Without any of the pictures, transcribe all the lines below exactly.

■ PROVIDED DATA
-*-

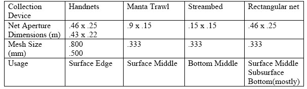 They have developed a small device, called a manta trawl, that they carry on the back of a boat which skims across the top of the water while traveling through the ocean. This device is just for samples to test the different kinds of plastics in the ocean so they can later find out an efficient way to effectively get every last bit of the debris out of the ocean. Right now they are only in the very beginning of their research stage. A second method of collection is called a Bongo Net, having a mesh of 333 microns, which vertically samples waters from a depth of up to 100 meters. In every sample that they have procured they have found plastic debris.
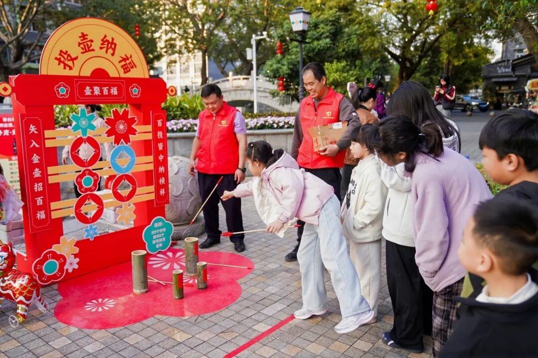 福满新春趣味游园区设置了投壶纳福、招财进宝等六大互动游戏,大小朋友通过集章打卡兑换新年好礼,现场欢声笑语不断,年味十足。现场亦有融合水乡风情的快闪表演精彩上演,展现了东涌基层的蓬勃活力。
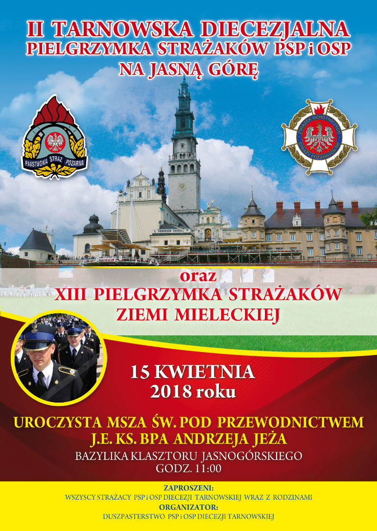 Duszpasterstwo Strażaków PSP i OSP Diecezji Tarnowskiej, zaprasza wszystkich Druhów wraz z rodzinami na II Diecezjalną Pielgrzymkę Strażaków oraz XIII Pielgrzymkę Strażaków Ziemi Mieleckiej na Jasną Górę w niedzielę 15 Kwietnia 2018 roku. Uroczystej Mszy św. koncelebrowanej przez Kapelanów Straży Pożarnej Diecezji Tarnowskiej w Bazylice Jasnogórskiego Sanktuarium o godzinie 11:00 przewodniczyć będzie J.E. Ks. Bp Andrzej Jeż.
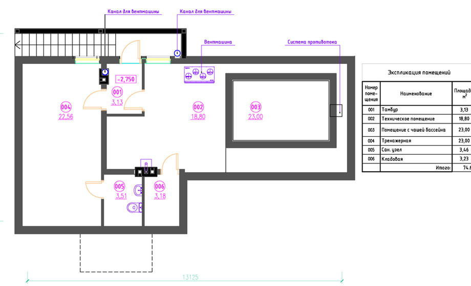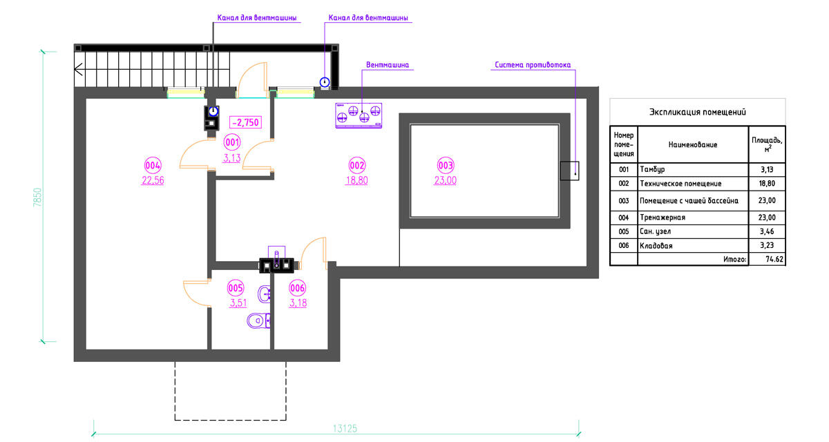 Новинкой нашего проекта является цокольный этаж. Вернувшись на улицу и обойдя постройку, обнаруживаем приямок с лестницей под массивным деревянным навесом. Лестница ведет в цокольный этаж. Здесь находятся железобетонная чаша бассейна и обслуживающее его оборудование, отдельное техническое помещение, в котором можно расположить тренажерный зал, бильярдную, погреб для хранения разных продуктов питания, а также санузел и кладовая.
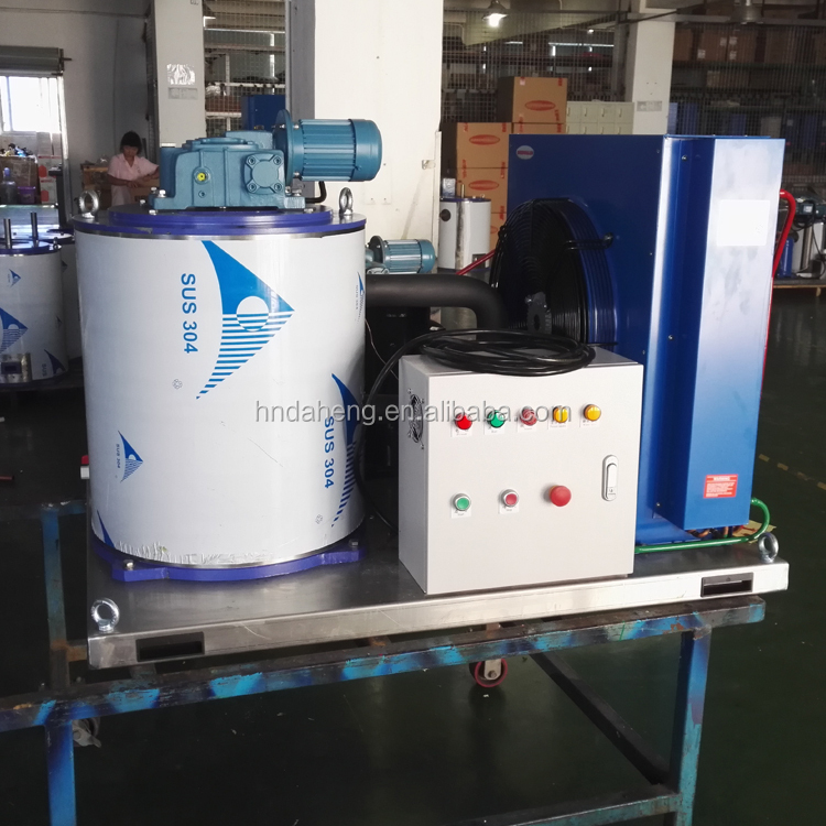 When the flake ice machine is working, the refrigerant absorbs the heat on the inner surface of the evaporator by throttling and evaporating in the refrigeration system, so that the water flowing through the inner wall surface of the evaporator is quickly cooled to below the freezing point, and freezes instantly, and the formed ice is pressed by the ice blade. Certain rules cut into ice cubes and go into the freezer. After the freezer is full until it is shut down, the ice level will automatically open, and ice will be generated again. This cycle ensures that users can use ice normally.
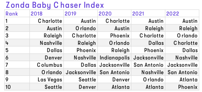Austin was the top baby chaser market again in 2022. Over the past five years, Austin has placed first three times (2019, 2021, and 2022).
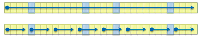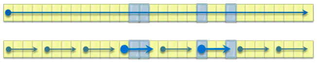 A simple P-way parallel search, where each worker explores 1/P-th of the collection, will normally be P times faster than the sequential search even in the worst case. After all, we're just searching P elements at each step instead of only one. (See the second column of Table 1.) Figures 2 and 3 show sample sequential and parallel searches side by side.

-*-

■ TASK ANSWER
 They have developed a small device, called a manta trawl, that they carry on the back of a boat which skims across the top of the water while traveling through the ocean. This device is just for samples to test the different kinds of plastics in the ocean so they can later find out an efficient way to effectively get every last bit of the debris out of the ocean. Right now they are only in the very beginning of their research stage. A second method of collection is called a Bongo Net, having a mesh of 333 microns, which vertically samples waters from a depth of up to 100 meters. In every sample that they have procured they have found plastic debris.
 福满新春趣味游园区设置了投壶纳福、招财进宝等六大互动游戏,大小朋友通过集章打卡兑换新年好礼,现场欢声笑语不断,年味十足。现场亦有融合水乡风情的快闪表演精彩上演,展现了东涌基层的蓬勃活力。
 Duszpasterstwo Strażaków PSP i OSP Diecezji Tarnowskiej, zaprasza wszystkich Druhów wraz z rodzinami na II Diecezjalną Pielgrzymkę Strażaków oraz XIII Pielgrzymkę Strażaków Ziemi Mieleckiej na Jasną Górę w niedzielę 15 Kwietnia 2018 roku. Uroczystej Mszy św. koncelebrowanej przez Kapelanów Straży Pożarnej Diecezji Tarnowskiej w Bazylice Jasnogórskiego Sanktuarium o godzinie 11:00 przewodniczyć będzie J.E. Ks. Bp Andrzej Jeż.
 Новинкой нашего проекта является цокольный этаж. Вернувшись на улицу и обойдя постройку, обнаруживаем приямок с лестницей под массивным деревянным навесом. Лестница ведет в цокольный этаж. Здесь находятся железобетонная чаша бассейна и обслуживающее его оборудование, отдельное техническое помещение, в котором можно расположить тренажерный зал, бильярдную, погреб для хранения разных продуктов питания, а также санузел и кладовая.
 When the flake ice machine is working, the refrigerant absorbs the heat on the inner surface of the evaporator by throttling and evaporating in the refrigeration system, so that the water flowing through the inner wall surface of the evaporator is quickly cooled to below the freezing point, and freezes instantly, and the formed ice is pressed by the ice blade. Certain rules cut into ice cubes and go into the freezer. After the freezer is full until it is shut down, the ice level will automatically open, and ice will be generated again. This cycle ensures that users can use ice normally.
Austin was the top baby chaser market again in 2022. Over the past five years, Austin has placed first three times (2019, 2021, and 2022).
 A simple P-way parallel search, where each worker explores 1/P-th of the collection, will normally be P times faster than the sequential search even in the worst case. After all, we're just searching P elements at each step instead of only one. (See the second column of Table 1.) Figures 2 and 3 show sample sequential and parallel searches side by side.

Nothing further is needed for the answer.